* **TASK ITEM**: Of the entries below, return only those lines from the line with "Æsken indeholder Ca." to the line with "Cana termosensibila este", exactly, both included.

* **GIVEN ENTRIES**:
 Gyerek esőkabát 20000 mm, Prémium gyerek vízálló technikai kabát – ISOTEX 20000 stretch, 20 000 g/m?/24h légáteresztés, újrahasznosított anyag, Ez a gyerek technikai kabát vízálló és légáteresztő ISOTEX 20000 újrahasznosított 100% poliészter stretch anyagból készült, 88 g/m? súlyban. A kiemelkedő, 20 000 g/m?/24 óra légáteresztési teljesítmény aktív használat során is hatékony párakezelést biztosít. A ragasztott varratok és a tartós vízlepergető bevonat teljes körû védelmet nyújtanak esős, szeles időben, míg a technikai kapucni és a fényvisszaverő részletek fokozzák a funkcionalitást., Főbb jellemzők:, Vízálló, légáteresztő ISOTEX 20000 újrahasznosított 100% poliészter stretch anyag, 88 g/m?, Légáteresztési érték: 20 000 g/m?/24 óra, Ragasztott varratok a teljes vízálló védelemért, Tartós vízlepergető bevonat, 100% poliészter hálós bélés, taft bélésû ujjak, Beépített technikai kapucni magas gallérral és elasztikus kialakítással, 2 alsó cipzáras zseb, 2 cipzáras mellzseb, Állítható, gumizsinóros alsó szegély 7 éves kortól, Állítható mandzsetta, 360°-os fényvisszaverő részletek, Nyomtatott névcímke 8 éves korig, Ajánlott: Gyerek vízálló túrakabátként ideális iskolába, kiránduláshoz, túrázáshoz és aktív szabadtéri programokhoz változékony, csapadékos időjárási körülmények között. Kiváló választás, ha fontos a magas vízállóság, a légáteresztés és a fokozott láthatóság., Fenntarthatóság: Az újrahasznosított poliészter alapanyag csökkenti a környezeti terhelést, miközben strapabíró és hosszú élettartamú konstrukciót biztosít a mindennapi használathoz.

* * *

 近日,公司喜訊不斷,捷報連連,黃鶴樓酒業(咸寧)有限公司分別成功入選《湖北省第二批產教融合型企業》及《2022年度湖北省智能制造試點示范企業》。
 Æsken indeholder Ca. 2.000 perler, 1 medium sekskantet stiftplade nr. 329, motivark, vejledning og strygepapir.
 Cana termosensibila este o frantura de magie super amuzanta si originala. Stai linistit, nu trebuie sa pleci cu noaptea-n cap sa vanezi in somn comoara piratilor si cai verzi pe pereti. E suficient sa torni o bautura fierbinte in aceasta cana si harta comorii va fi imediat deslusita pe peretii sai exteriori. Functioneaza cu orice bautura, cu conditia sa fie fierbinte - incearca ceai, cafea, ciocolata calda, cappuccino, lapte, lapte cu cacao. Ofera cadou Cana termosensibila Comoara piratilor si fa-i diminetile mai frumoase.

---

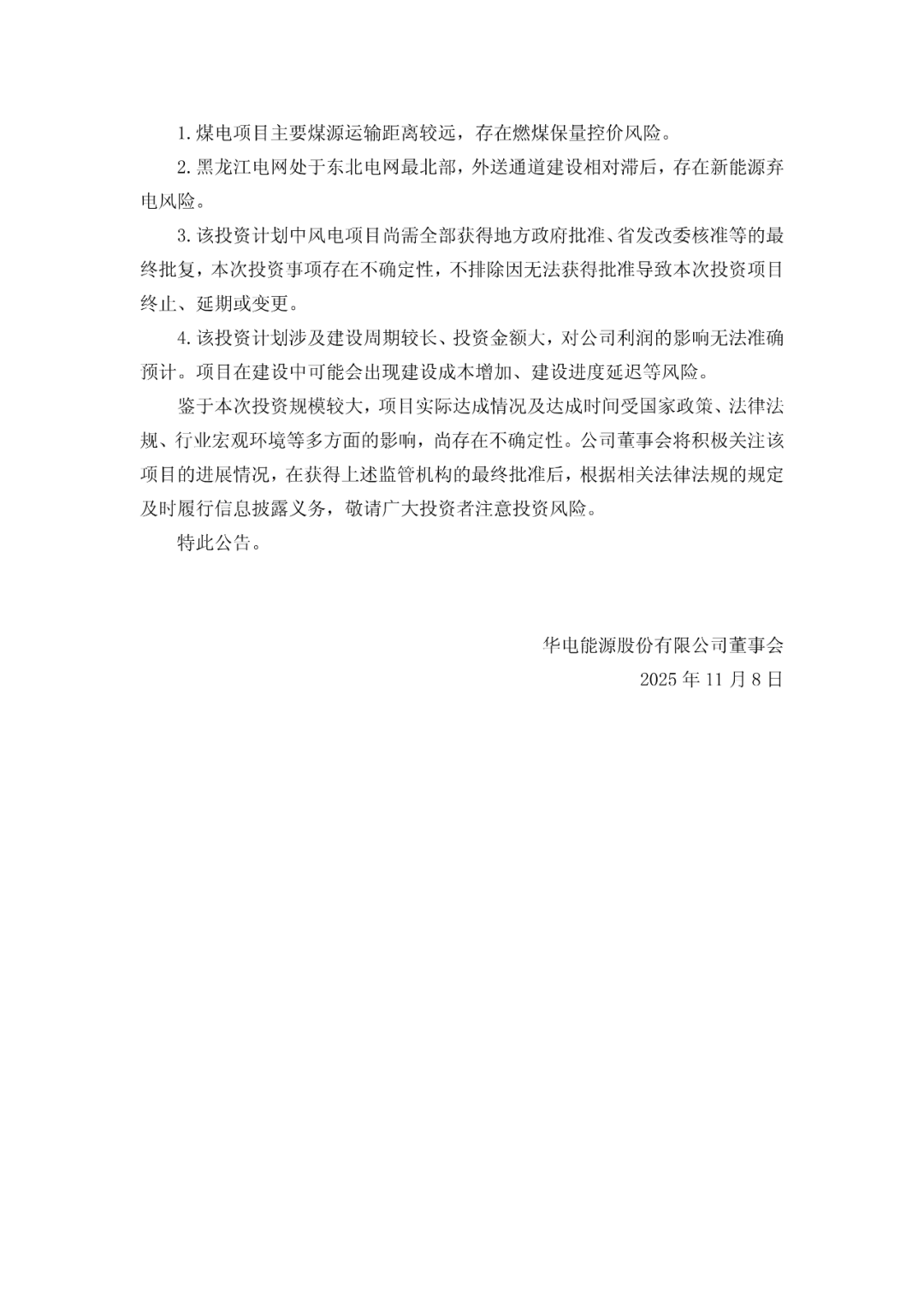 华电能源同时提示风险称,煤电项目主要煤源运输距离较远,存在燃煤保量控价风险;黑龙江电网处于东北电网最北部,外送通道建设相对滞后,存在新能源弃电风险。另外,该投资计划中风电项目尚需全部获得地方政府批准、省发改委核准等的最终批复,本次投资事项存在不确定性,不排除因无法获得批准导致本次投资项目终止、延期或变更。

* **RESULT FOR THIS TASK**:
 Æsken indeholder Ca. 2.000 perler, 1 medium sekskantet stiftplade nr. 329, motivark, vejledning og strygepapir.
 Cana termosensibila este o frantura de magie super amuzanta si originala. Stai linistit, nu trebuie sa pleci cu noaptea-n cap sa vanezi in somn comoara piratilor si cai verzi pe pereti. E suficient sa torni o bautura fierbinte in aceasta cana si harta comorii va fi imediat deslusita pe peretii sai exteriori. Functioneaza cu orice bautura, cu conditia sa fie fierbinte - incearca ceai, cafea, ciocolata calda, cappuccino, lapte, lapte cu cacao. Ofera cadou Cana termosensibila Comoara piratilor si fa-i diminetile mai frumoase.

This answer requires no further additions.